What is being asked: Take the lines from the head of the listing through the one bearing "3. Click Report" and copy them exactly, leaving every picture out.

Recorded data:
━━━━━━━━━━━━━━━━━━━━

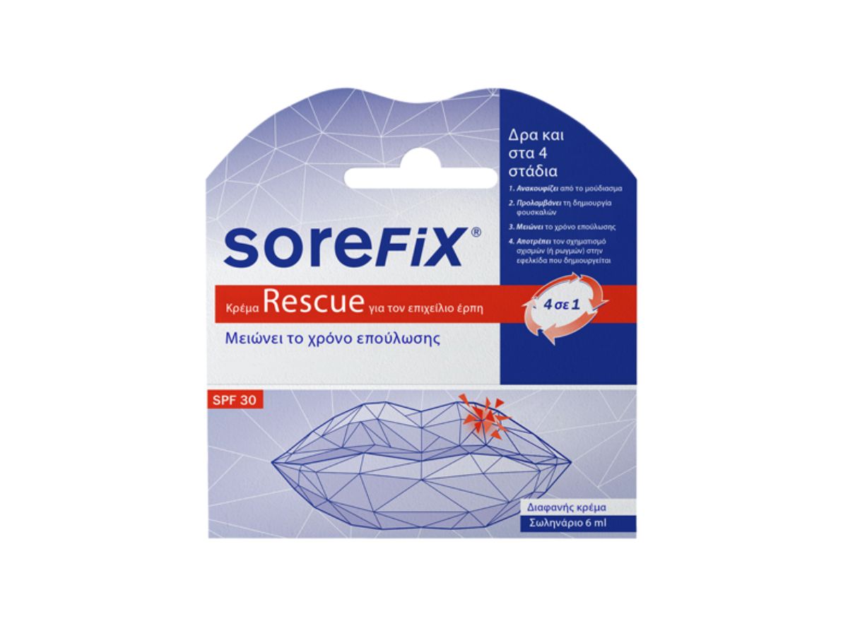 - Sorefix Rescue: Θεραπεία που δρα σε όλα τα στάδια του επιχείλιου έρπητα.
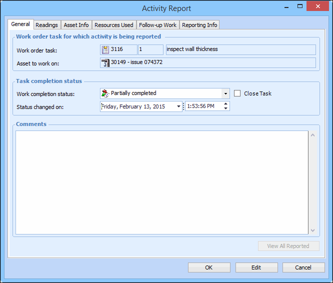 3. Click Report Activity. The Activity Report dialog appears. For example:
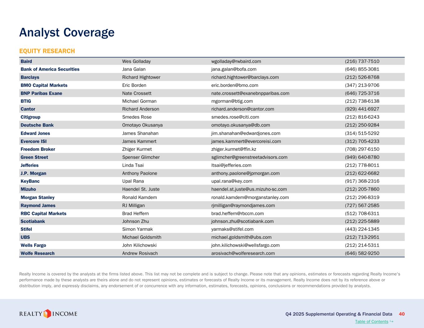 Q4 2025 Supplemental Operating & Financial Data 40 Baird Wes Golladay wgolladay@rwbaird.com (216) 737-7510 Bank of America Securities Jana Galan jana.galan@bofa.com (646) 855-3081 Barclays Richard Hightower richard.hightower@barclays.com (212) 526-8768 BMO Capital Markets Eric Borden eric.borden@bmo.com (347) 213-9706 BNP Paribas Exane Nate Crossett nate.crossett@exanebnpparibas.com (646) 725-3716 BTIG Michael Gorman mgorman@btig.com (212) 738-6138 Cantor Richard Anderson richard.anderson@cantor.com (929) 441-6927 Citigroup Smedes Rose smedes.rose@citi.com (212) 816-6243 Deutsche Bank Omotayo Okusanya omotayo.okusanya@db.com (212) 250-9284 Edward Jones James Shanahan jim.shanahan@edwardjones.com (314) 515-5292 Evercore ISI James Kammert james.kammert@evercoreisi.com (312) 705-4233 Freedom Broker Zhiger Kurmet zhiger.kurmet@ffin.kz (708) 297-6150 Green Street Spenser Glimcher sglimcher@greenstreetadvisors.com (949) 640-8780 Jefferies Linda Tsai ltsai@jefferies.com (212) 778-8011 J.P. Morgan Anthony Paolone anthony.paolone@jpmorgan.com (212) 622-6682 KeyBanc Upal Rana upal.rana@key.com (917) 368-2316 Mizuho Haendel St. Juste haendel.st.juste@us.mizuho-sc.com (212) 205-7860 Morgan Stanley Ronald Kamdem ronald.kamdem@morganstanley.com (212) 296-8319 Raymond James RJ Milligan rjmilligan@raymondjames.com (727) 567-2585 RBC Capital Markets Brad Heffern brad.heffern@rbccm.com (512) 708-6311 Scotiabank Johnson Zhu johnson.zhu@scotiabank.com (212) 225-5889 Stifel Simon Yarmak yarmaks@stifel.com (443) 224-1345 UBS Michael Goldsmith michael.goldsmith@ubs.com (212) 713-2951 Wells Fargo John Kilichowski john.kilichowski@wellsfargo.com (212) 214-5311 Wolfe Research Andrew Rosivach arosivach@wolferesearch.com (646) 582-9250 Realty Income is covered by the analysts at the firms listed above. This list may not be complete and is subject to change. Please note that any opinions, estimates or forecasts regarding Realty Income's performance made by these analysts are theirs alone and do not represent opinions, estimates or forecasts of Realty Income or its management. Realty Income does not by its reference above or distribution imply, and expressly disclaims, any endorsement of or concurrence with any information, estimates, forecasts, opinions, conclusions or recommendations provided by analysts. Analyst Coverage EQUITY RESEARCH Table of Contents ↪
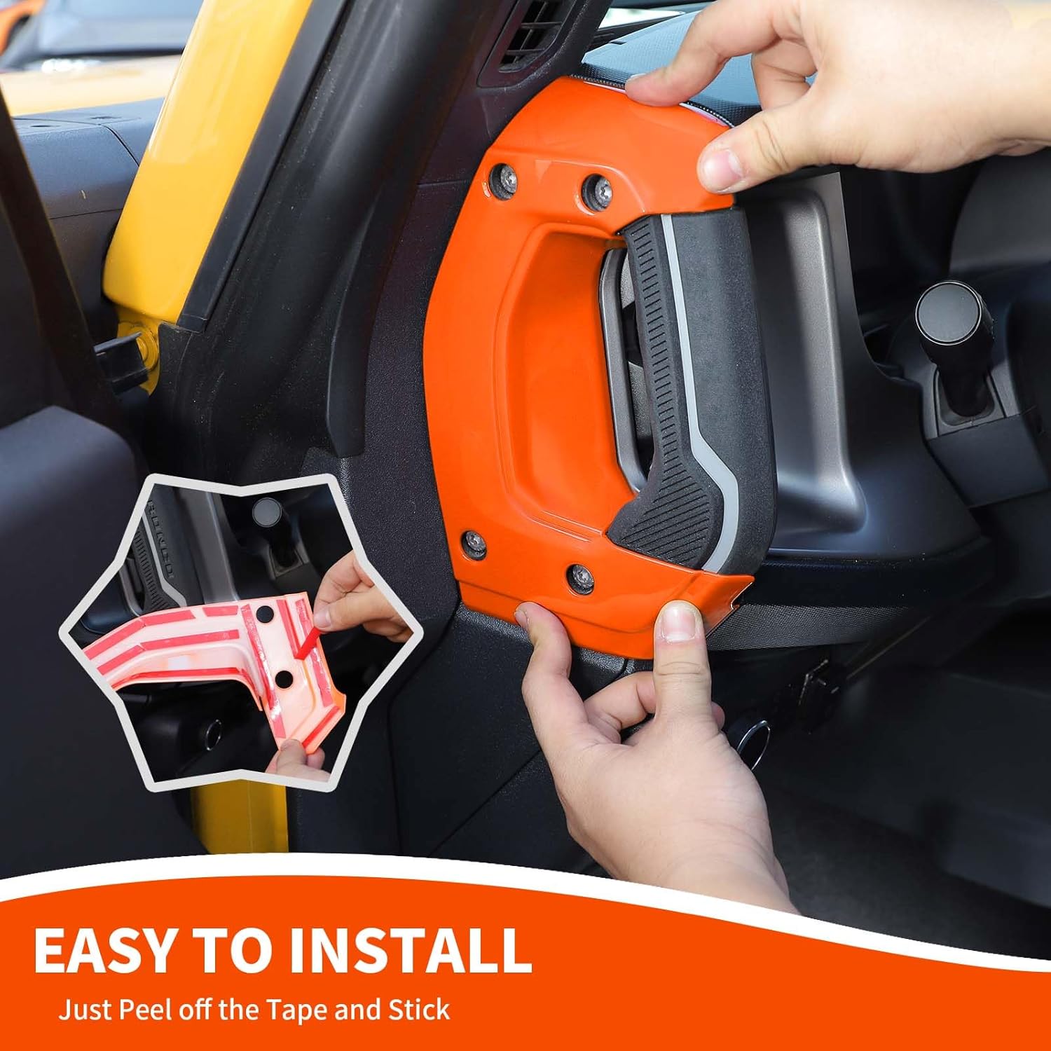 EASY TO INSTALL–Tear off the double-sided tape on the back of the dashboard side handle cover and paste it to the corresponding position.

━━━━━━━━━━━━━━━━━━━━

Answer to the problem:
 - Sorefix Rescue: Θεραπεία που δρα σε όλα τα στάδια του επιχείλιου έρπητα.
 3. Click Report Activity. The Activity Report dialog appears. For example:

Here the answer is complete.